Bug #586901 reported by databubble
58
This bug affects 10 people
Affects Status Importance Assigned to Milestone
linux (Ubuntu)
Expired
Undecided
Unassigned

Bug Description

This bug may be a duplicate of #569011 (which inexplicably now has a status of fix-released), however there are minor differences.

I have been experiencing occasional (2 or 3 times a day) system hangs under Lucid/10.04 for at least a couple of weeks, with the following symptoms: screen freezes, keyboard/mouse unresponsive (can't toggle keyboard LEDs), can't ssh in, system still responds to pings, can reboot with ALT-SysRq+REISUB. On reboot, I'm unable to locate any relevant error messages in logs from the time the system froze.

This is with kernel 2.6.32-22-generic, and I have also tested with upstream 2.6.34-020634-generic, with the same results. The same hardware was stable under jaunty and karmic.

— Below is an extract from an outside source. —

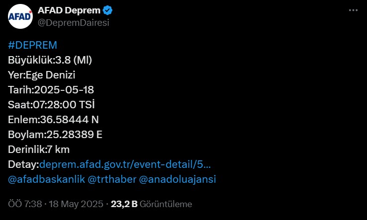 AFAD, sabah saat 07,28’de 3.8 büyüklüğünde bir zelzelenin olduğunu açıklamıştı.
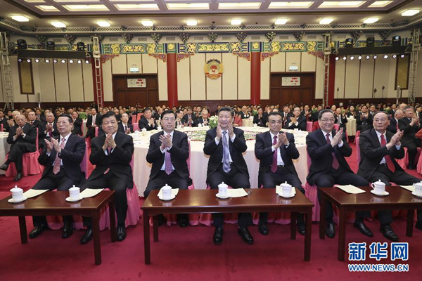 2016年12月30日,全國政協(xié)在北京舉行新年茶話會(huì)。黨和國家領(lǐng)導(dǎo)人習(xí)近平、李克強(qiáng)、張德江、俞正聲、劉云山、王岐山、張高麗出席茶話會(huì)并觀看演出。新華社記者 鞠鵬 攝

I have nvidia-current drivers installed, however, the system can still freeze from a text console with X/desktop disables (sudo stop kdm), thus I don't believe it's graphics driver related.

Only pattern to the lock-ups I've noticed is that it's usually during times of heavy CPU load... which usually also has heavy disk load: a large compile, ffmpeg video conversion, running virtualbox, dvd ripping, etc. My system is a dual-core 64-bit Athlon, and I boot from a md-mirrored EXT4 root filesystem.

I have virtualbox-3.2 installed, and while running virtualbox with a WinXP client is a good way to help encourage the freeze, I also experience freezes without virtualbox running. Still, I'll try removing it and seeing if I can reproduce without it.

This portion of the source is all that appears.